Before the crude oil price crash, Continental Resources' Hamm told the audience at that same conference that he sees a doubling of Bakken production to 2 million b/d by 2020 or sooner, and Oasis Petroleum's CEO Thomas Nusz added that "we have a resource life here [in the Williston Basin] that is 50 to 60 years, so it's not your father's oil business anymore," citing some technically recoverable reserve estimates for the Bakken at 24-30 billion bbl levels. "This is going to be an important part of life in North Dakota for a long time," Nusz concluded. In 2015 the bullish growth projections were replaced by cautious estimates of holding production above the 1 million b/d level.
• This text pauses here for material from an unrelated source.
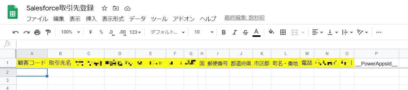 Salesforceに登録したいデータ項目を1行目に入力します。

The slowdown takes some of the pressure off the shortage of takeaway capacity. In the absence of enough pipelines, rail transportation has rallied to the rescue. According to a September 2014 analysis conducted by the University of Texas Center for Energy Economics (CEE) in Austin, rail capacity to move oil (1.49 million b/d at last estimate) out of the Bakken is unlikely to be equaled by pipelines, which have about 824,000 b/d in total capacity, up from 200,000 b/d in 2008. Rail capacity for moving oil seven years ago was basically zero, so the growth on the rail side has been unprecedented.
Rail capacity at one time accounted for 63% of the total oil transport capacity from North Dakota, but that has dropped to under 50% in late 2015." The three main rail lines that traverse North Dakota are BNSF Railway, Canadian Pacific (CP) and Northern Plains.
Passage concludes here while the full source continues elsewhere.